• _TASK PROMPT_
Except for the pictures, output the records in full and exactly.

Records from a data source:
◆ ◆ ◆ ◆
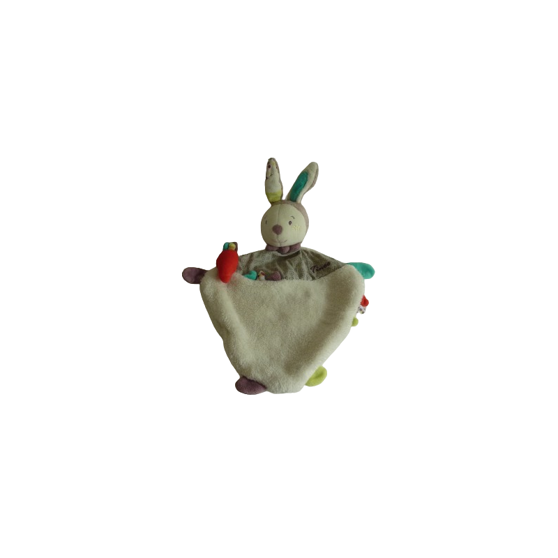 Doudou plat lapin 37 cm environ, grelot, écru motifs. Etat : Comme neuf
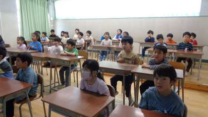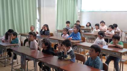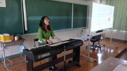 1年生を迎える会で歌う歌を、1年1組の子どもたちが初めて練習していました。当日が楽しみです。
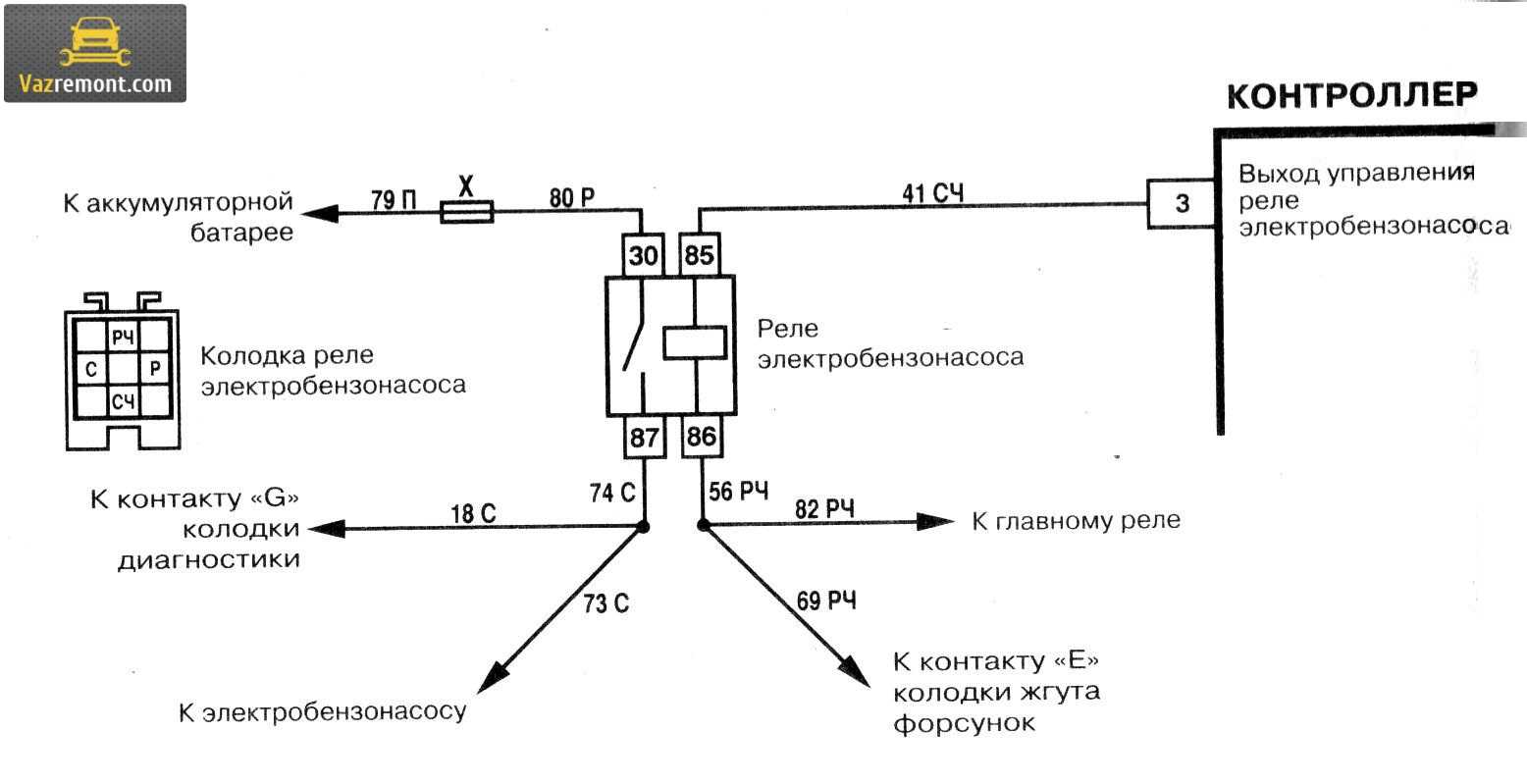 Если на ВАЗ 2110 топливный насос и вовсе не включается, тут сперва стоит обратить внимание на электрическую схему запитки, по которой работает бензонасос ВАЗ 2110, а именно:
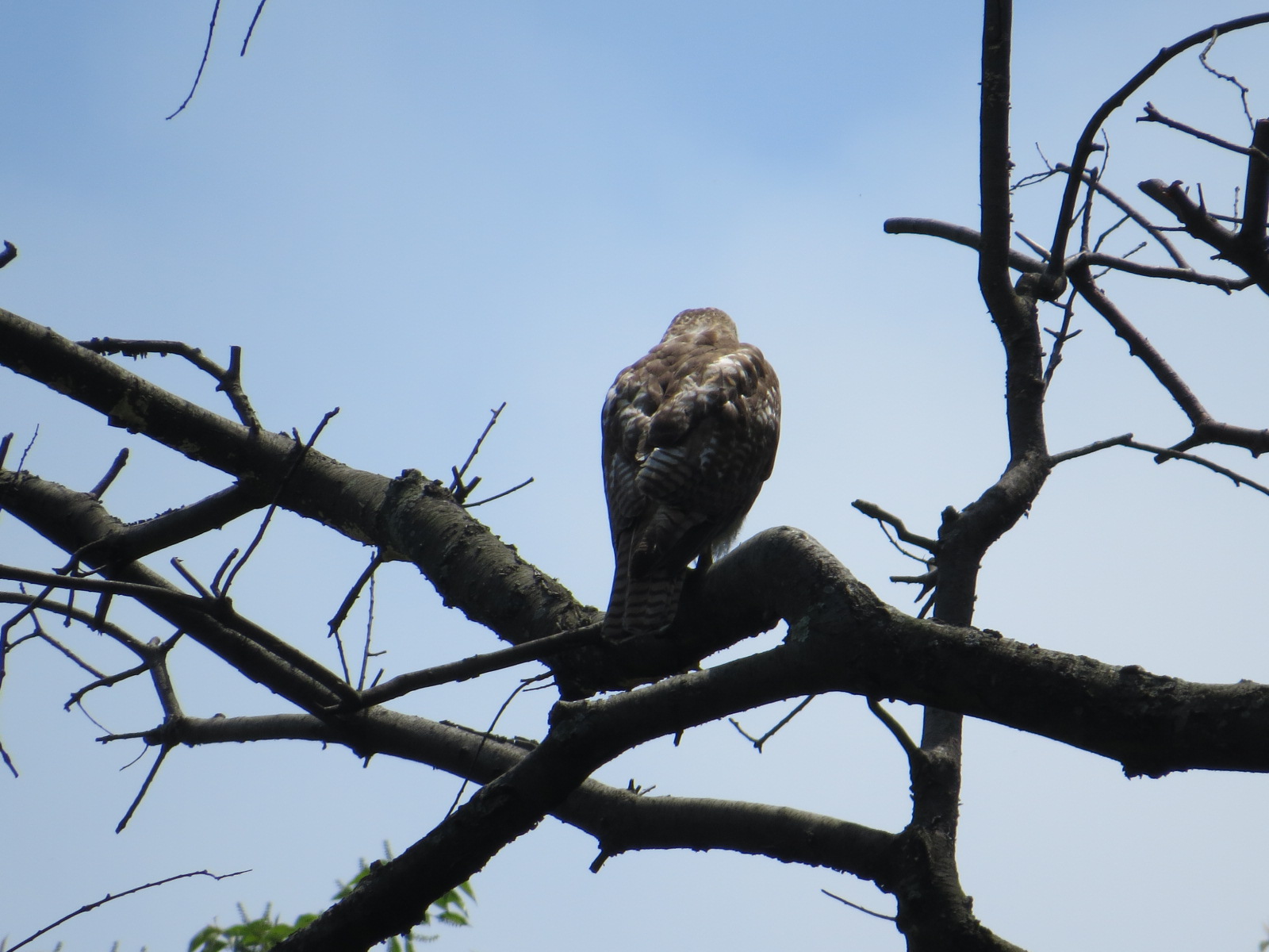 Sometimes you don’t get a great view. Also, this Red-tailed Hawk (Buteo jamaicensis) is one of last year’s fledglings, so it’s still too young to have the red, which is really russet- or brick-colored, tail. But those rough, white, V-like markings on the back are an excellent clue to the identification of this species, at least on the East Coast.
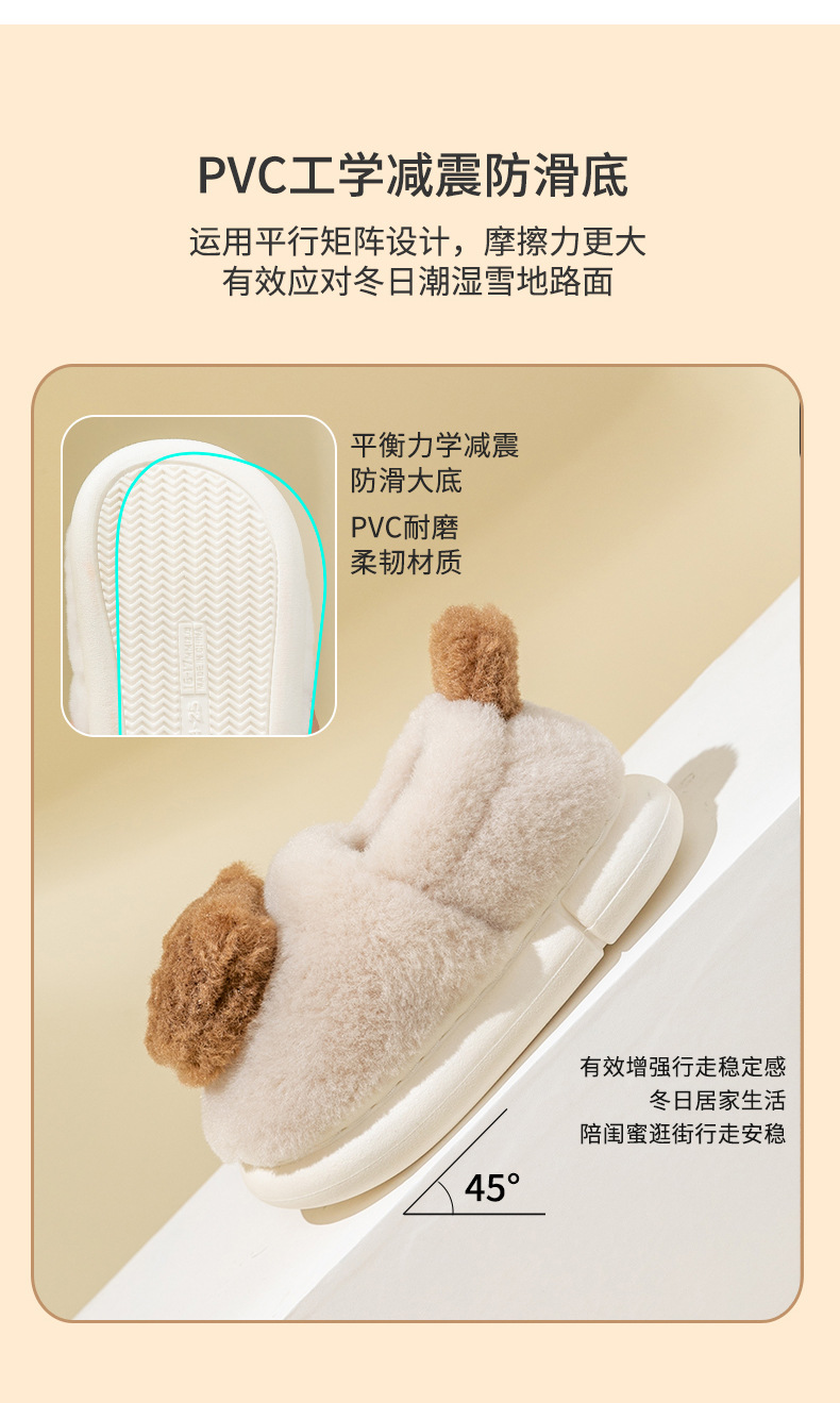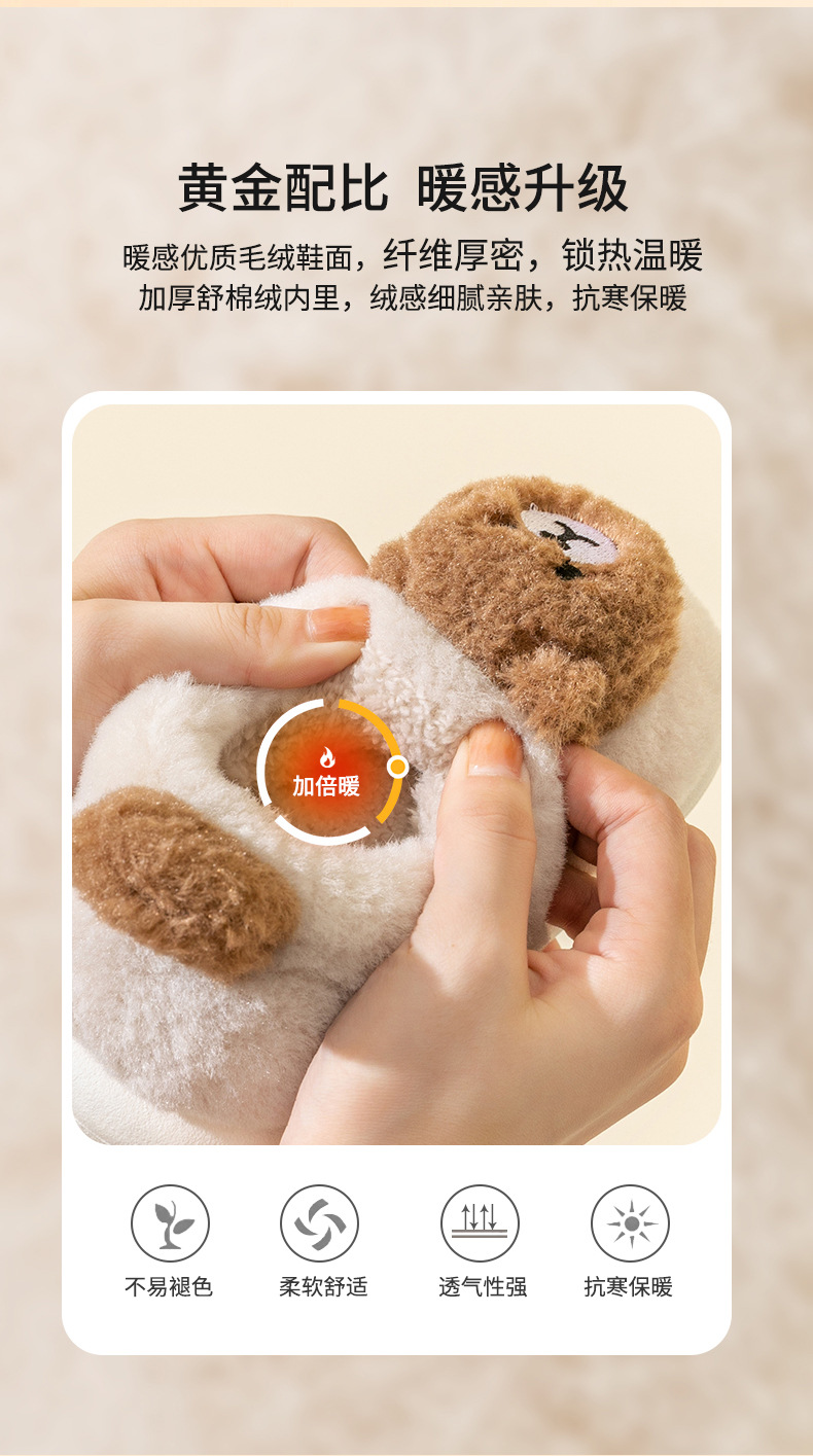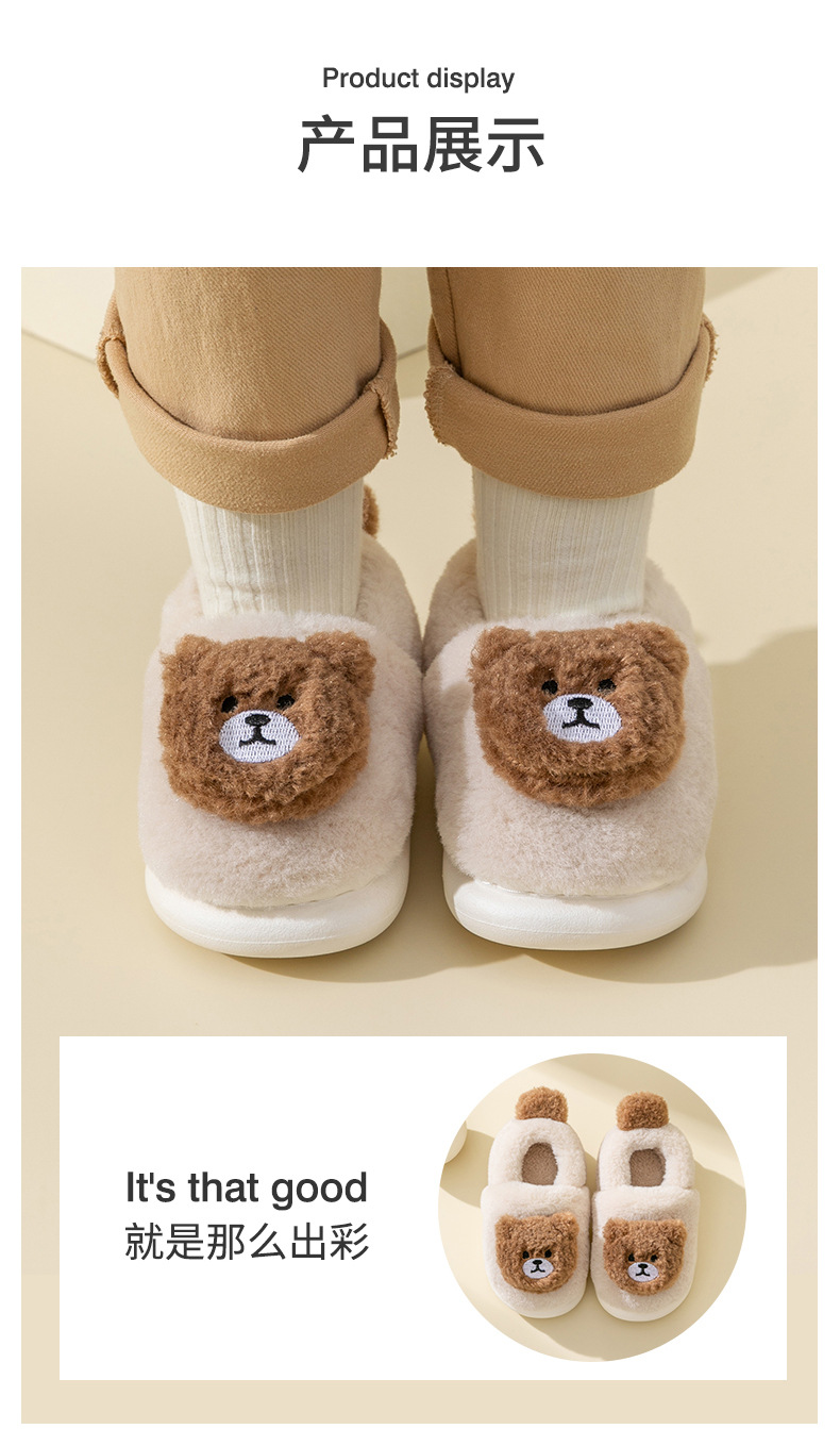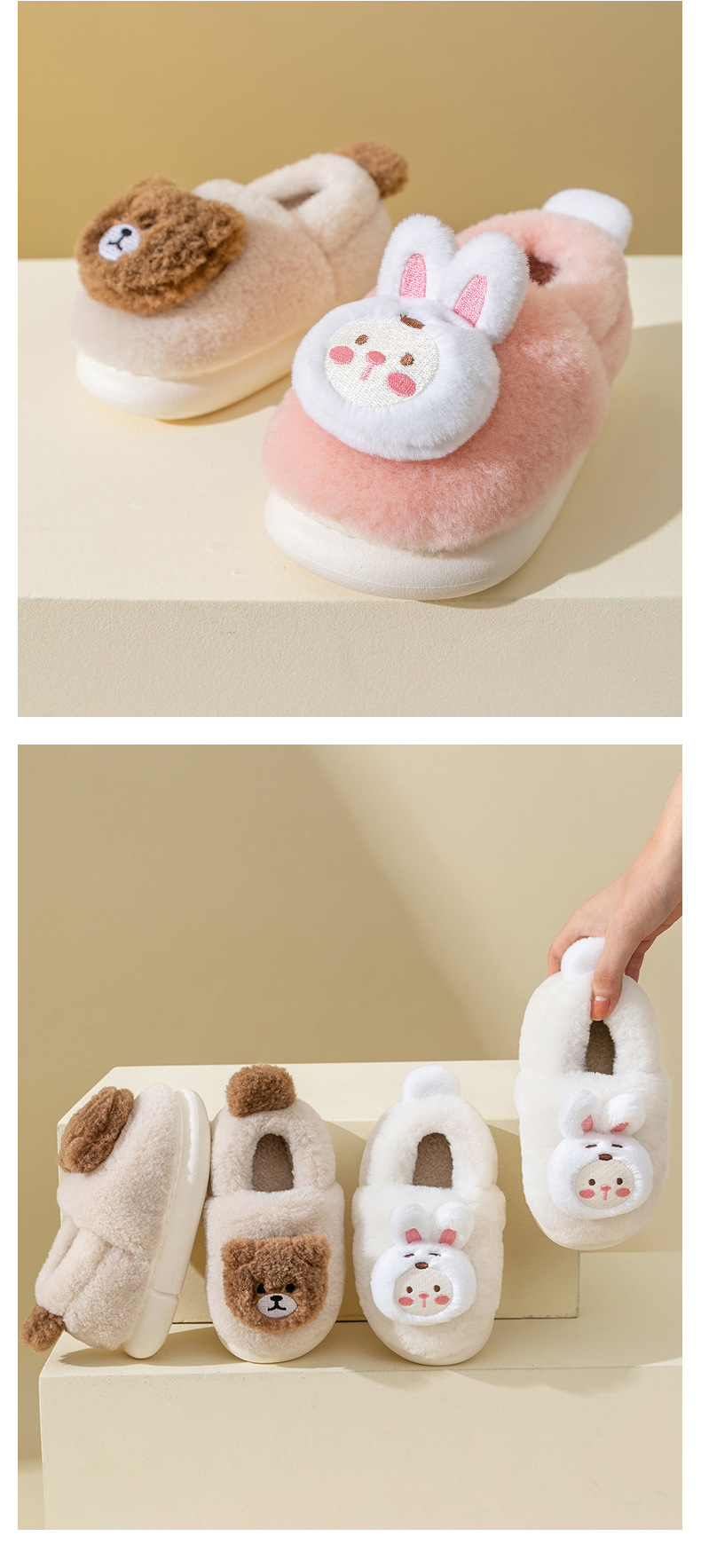 【呆萌卡通小棉鞋 毛毛包裹JIOJIO好温暖】猪爸爸儿童棉鞋男女中大童小熊保暖毛拖鞋宝宝小孩卡通毛绒棉拖鞋
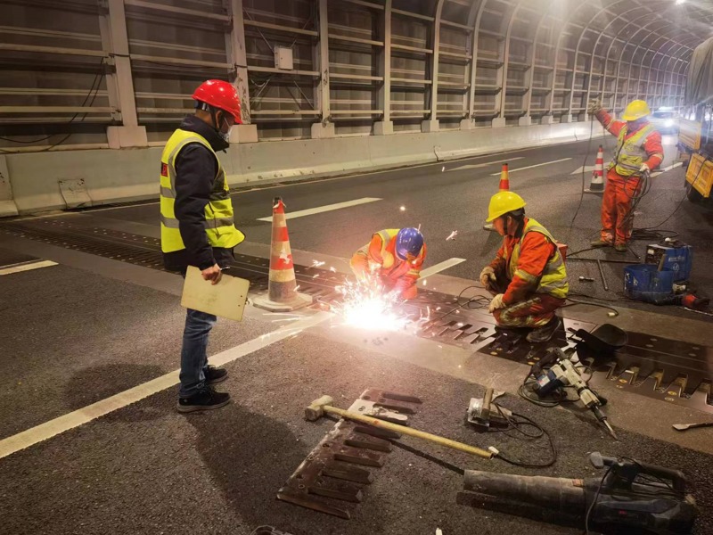 為避開車流高峰,鸚鵡洲大橋運(yùn)維所的所長馬東林、技術(shù)員唐洪勇組織專業(yè)維修人員挑燈夜戰(zhàn),對發(fā)現(xiàn)的伸縮縫的問題進(jìn)行連夜搶修,以實(shí)際行動保障橋梁的平安暢通。
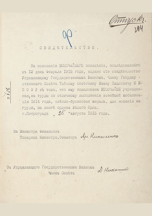 Свидетельство о пожаловании И.П. Шипову за труды по отличному выполнению всеобщей мобилизации 1914 г. светло-бронзовой медали. 25 августа 1915 г.. — Б. м., 1915. — 1 с.. — . РГИА, Ф. 587. Оп. 24. Д. 345. Л. 194.
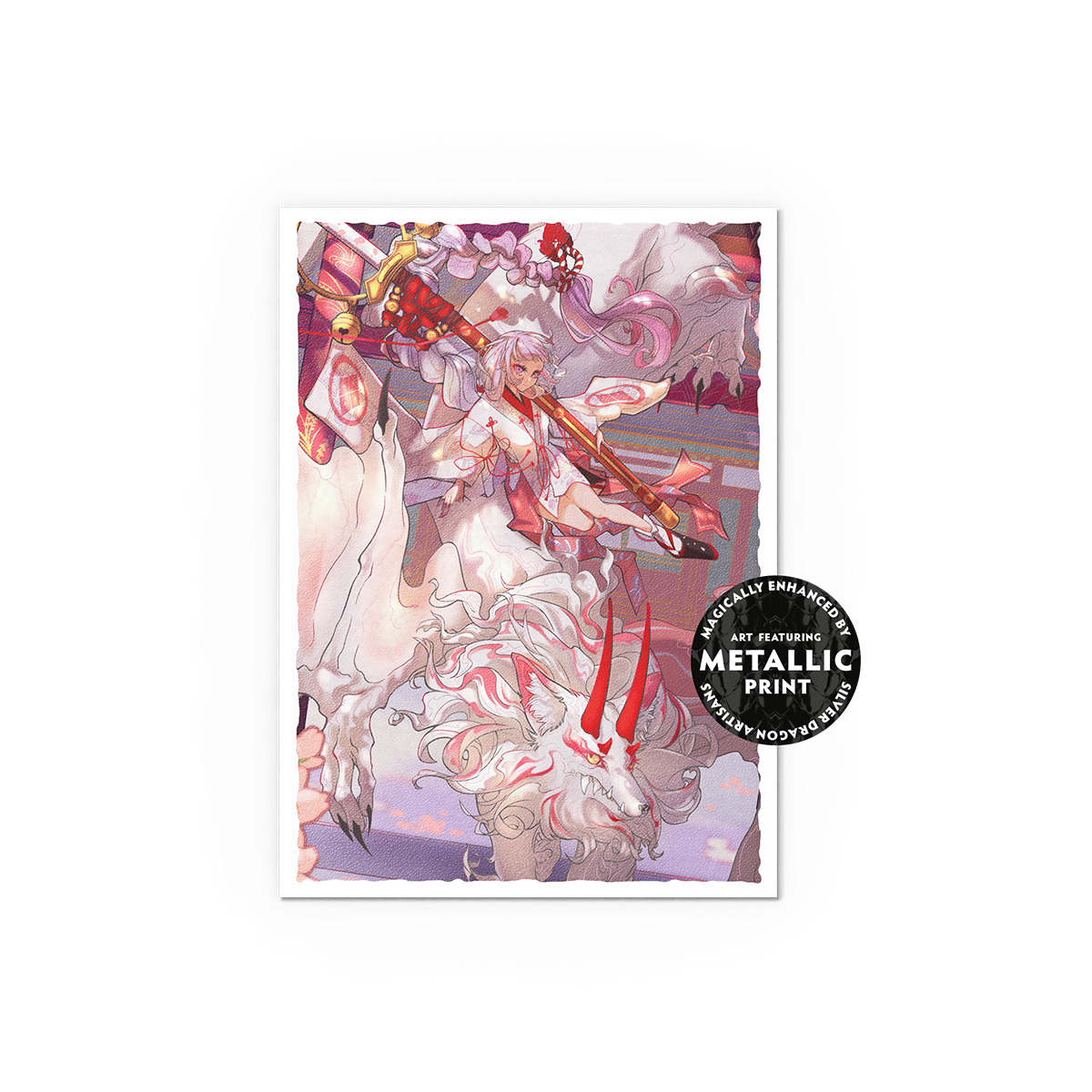 The Demon Hunters reimagined in a new format with beautiful silver details. Matte Art sleeves featuring artwork by Ryo Kamei are re-releasing with a new foiling effect highlighting silver details on sleeve art. Embark on an epic adventure with the Demon Hunters Yuki and Kuzuha as they track down twisted souls trapped in their demon form. Only when touched by the magic of Yuki's bell-Katana can these tortured souls be released.
◆ ◆ ◆ ◆
• _EXPECTED OUTPUT_
 Doudou plat lapin 37 cm environ, grelot, écru motifs. Etat : Comme neuf
 1年生を迎える会で歌う歌を、1年1組の子どもたちが初めて練習していました。当日が楽しみです。
 Если на ВАЗ 2110 топливный насос и вовсе не включается, тут сперва стоит обратить внимание на электрическую схему запитки, по которой работает бензонасос ВАЗ 2110, а именно:
 Sometimes you don’t get a great view. Also, this Red-tailed Hawk (Buteo jamaicensis) is one of last year’s fledglings, so it’s still too young to have the red, which is really russet- or brick-colored, tail. But those rough, white, V-like markings on the back are an excellent clue to the identification of this species, at least on the East Coast.
 【呆萌卡通小棉鞋 毛毛包裹JIOJIO好温暖】猪爸爸儿童棉鞋男女中大童小熊保暖毛拖鞋宝宝小孩卡通毛绒棉拖鞋
 為避開車流高峰,鸚鵡洲大橋運(yùn)維所的所長馬東林、技術(shù)員唐洪勇組織專業(yè)維修人員挑燈夜戰(zhàn),對發(fā)現(xiàn)的伸縮縫的問題進(jìn)行連夜搶修,以實(shí)際行動保障橋梁的平安暢通。
 Свидетельство о пожаловании И.П. Шипову за труды по отличному выполнению всеобщей мобилизации 1914 г. светло-бронзовой медали. 25 августа 1915 г.. — Б. м., 1915. — 1 с.. — . РГИА, Ф. 587. Оп. 24. Д. 345. Л. 194.
 The Demon Hunters reimagined in a new format with beautiful silver details. Matte Art sleeves featuring artwork by Ryo Kamei are re-releasing with a new foiling effect highlighting silver details on sleeve art. Embark on an epic adventure with the Demon Hunters Yuki and Kuzuha as they track down twisted souls trapped in their demon form. Only when touched by the magic of Yuki's bell-Katana can these tortured souls be released.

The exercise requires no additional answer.